Exercise
After locating the line that contains "Organizzazione interna di", quote it and all lines after it through the end of the entries, and nothing more. Pictures stay out.

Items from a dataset
##########

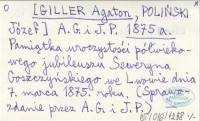 A. G. [GILLER Agaton] POLIŃSKI, Józef. ; 1875 a Pamiątka uroczystości półwiekowego jubileuszu Seweryna Goszczyńskiego we Lwowie dnia 7. marca 1875. roku. (Sprawozdanie przez A. G. i J. P.).
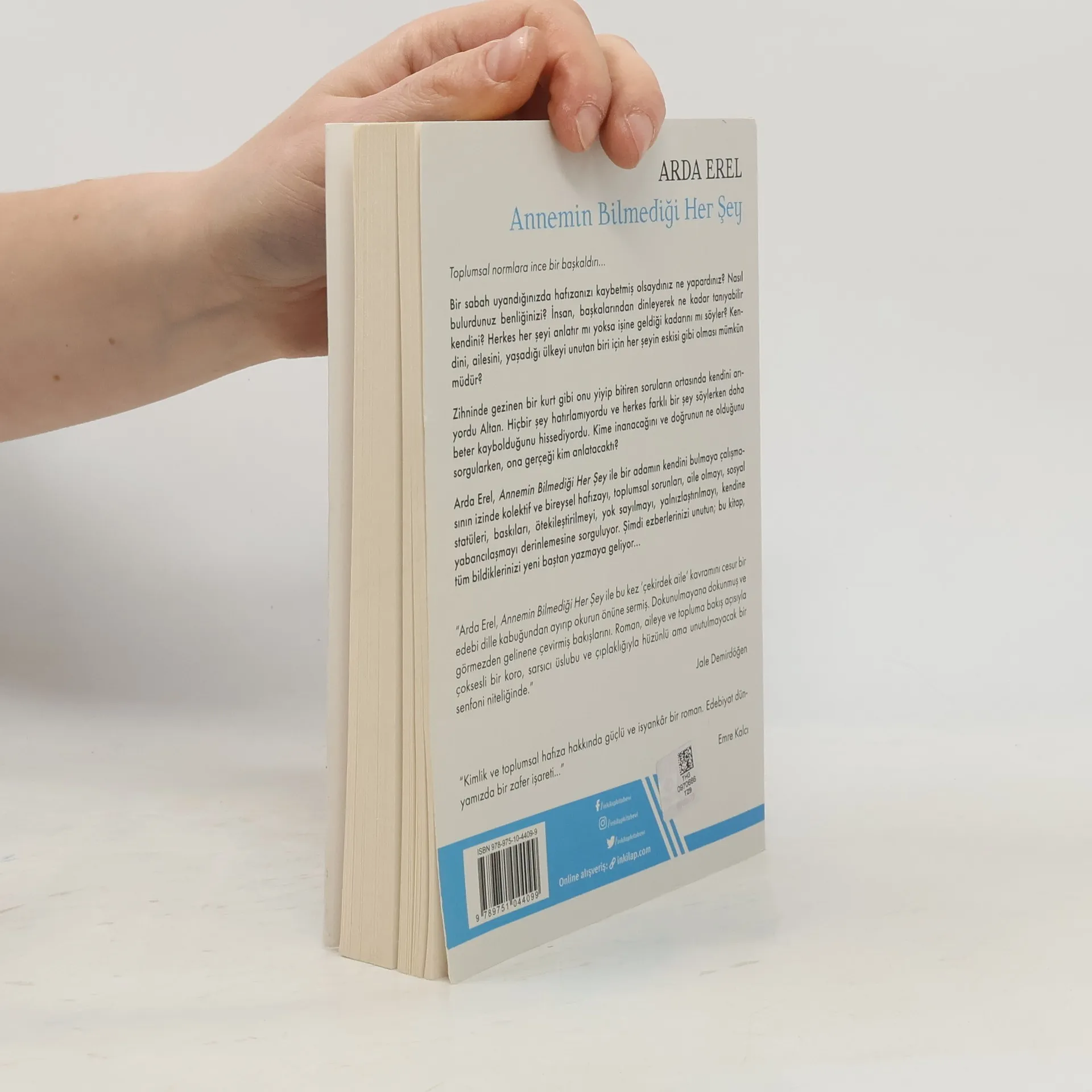 Toplumsal normlara ince bir başkaldırı… Bir sabah uyandığınızda hafızanızı kaybetmiş olsaydınız ne yapardınız? Nasıl bulurdunuz benliğinizi? İnsan, başkalarından dinleyerek ne kadar tanıyabilir kendini? Herkes her şeyi anlatır mı yoksa işine geldiği kadarını mı söyler? Kendini, ailesini, yaşadığı ülkeyi unutan biri için her şeyin eskisi gibi olması mümkün müdür? Zihninde gezinen bir kurt gibi onu yiyip bitiren soruların ortasında kendini arıyordu Altan. Hiçbir şey hatırlamıyordu ve herkes farklı bir şey söylerken daha beter kaybolduğunu hissediyordu. Kime inanacağını ve doğrunun ne olduğunu sorgularken, ona gerçeği kim anlatacaktı? Arda Erel, Annemin Bilmediği Her Şey ile bir adamın kendini bulmaya çalışmasının izinde kolektif ve bireysel hafızayı, toplumsal sorunları, aile olmayı, sosyal statüleri, baskıları, ötekileştirilmeyi, yok sayılmayı, yalnızlaştırılmayı, kendine yabancılaşmayı derinlemesine sorguluyor. Şimdi ezberlerinizi unutun; bu kitap, tüm bildiklerinizi yeni baştan yazmaya geliyor… “Arda Erel, Annemin Bilmediği Her Şey ile bu kez ‘çekirdek aile’ kavramını cesur bir edebi dille kabuğundan ayırıp okurun önüne sermiş. Dokunulmayana dokunmuş ve görmezden gelinene çevirmiş bakışlarını. Roman, aileye ve topluma bakış açısıyla çoksesli bir koro, sarsıcı üslubu ve çıplaklığıyla hüzünlü ama unutulmayacak bir senfoni niteliğinde.” Jale Demirdöğen “Kimlik ve toplumsal hafıza hakkında güçlü ve isyankâr bir roman. Edebiyat dünyamızda bir zafer işareti...” Emre Kalcı
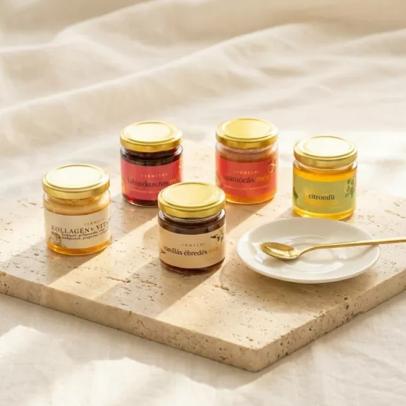5. Kollagén+ Vitamézes: Egy prémium minőségű, természetes mézalapú készítmény, amelyben avitaminokban gazdag méz, a kollagén és a különleges hatóanyagok egyesülnek az egészség és vitalitás szolgálatában. Ez a 230g-os különleges keverék egyszerre táplálja a szervezetet, erősíti az immunrendszert, és hozzájárul a bőr, a porcok és az ízületek egészségéhez.
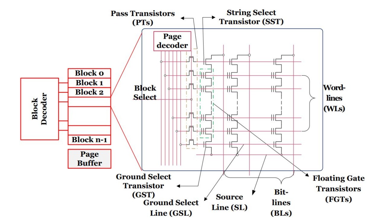 Organizzazione interna di un blocco - fonte: "MODELING THE PHYSICAL CHARACTERISTICS OF NAND FLASH MEMORY"
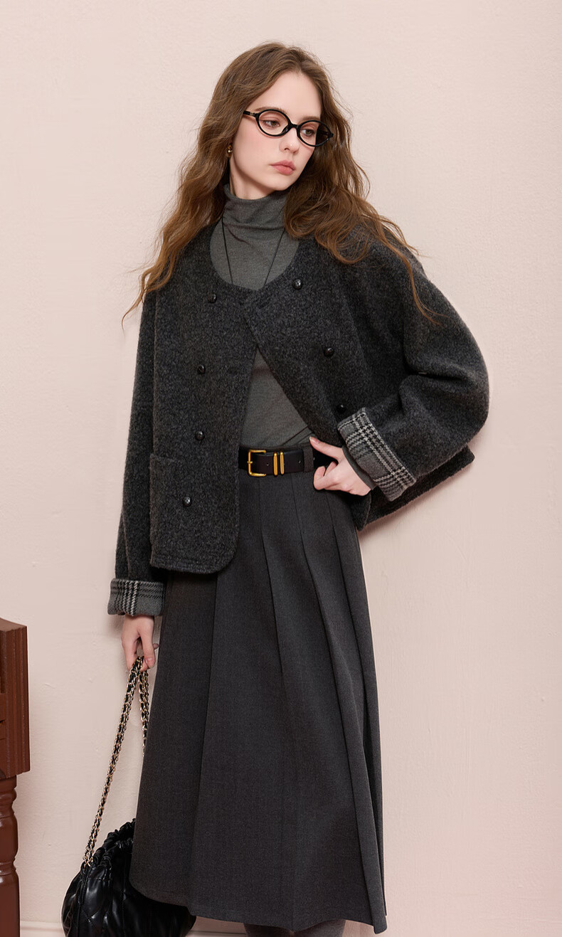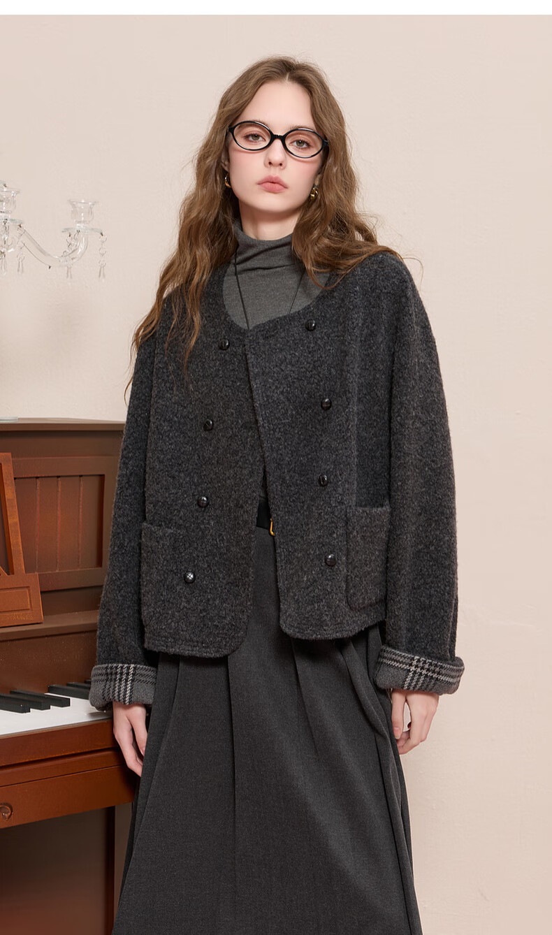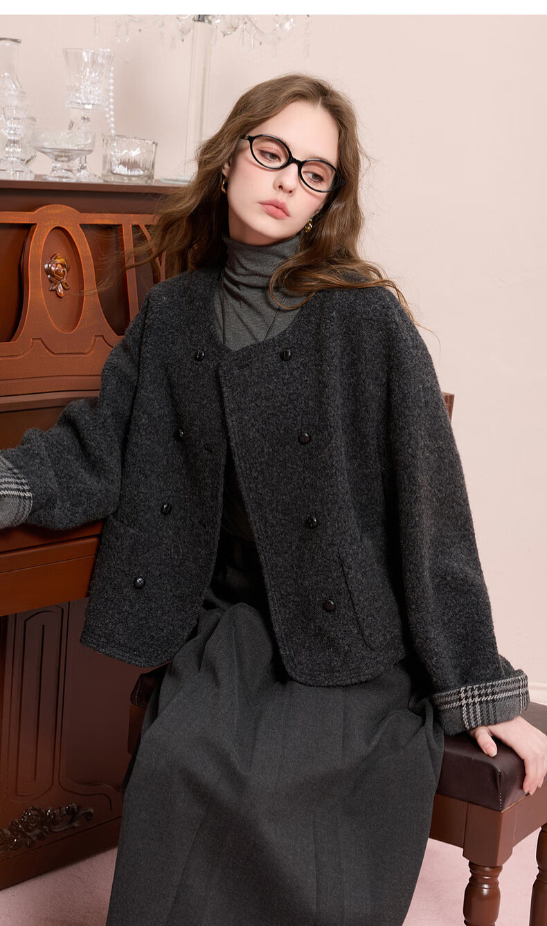 Tricolor Sheep Wool 2025 Winter New Style Fragrant Wool Coat Short Spliced Single Face Wool Jacket M Dark Gray M 160/84A
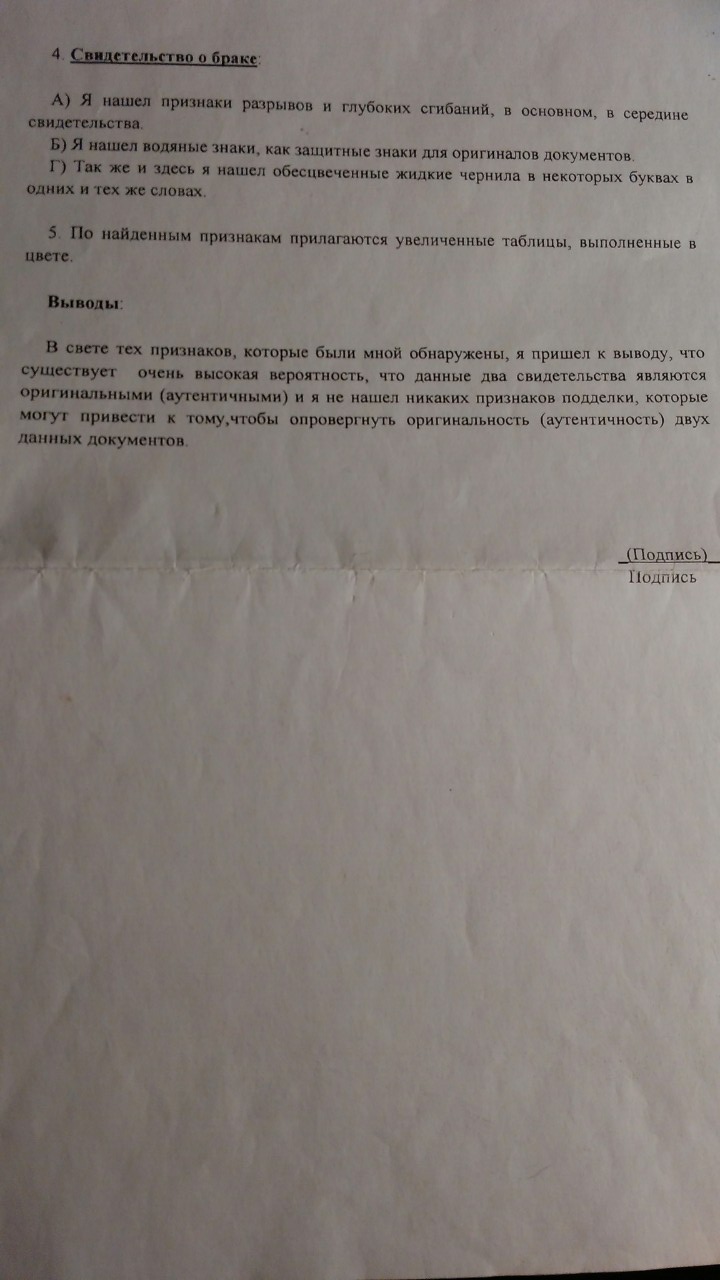 Довольно странное заключение, честно говоря… Нам была нужна такая же экспертиза для репатриации, обращались в Институт судебных экспертиз и криминалистике, что находится в Москве. Они нас все сделали, там, кстати, вся методология была прописана и придраться было не к чему. Работали с Третьяковым А.Г. – все успешно.

##########

Solution for this task
 Organizzazione interna di un blocco - fonte: "MODELING THE PHYSICAL CHARACTERISTICS OF NAND FLASH MEMORY"
 Tricolor Sheep Wool 2025 Winter New Style Fragrant Wool Coat Short Spliced Single Face Wool Jacket M Dark Gray M 160/84A
 Довольно странное заключение, честно говоря… Нам была нужна такая же экспертиза для репатриации, обращались в Институт судебных экспертиз и криминалистике, что находится в Москве. Они нас все сделали, там, кстати, вся методология была прописана и придраться было не к чему. Работали с Третьяковым А.Г. – все успешно.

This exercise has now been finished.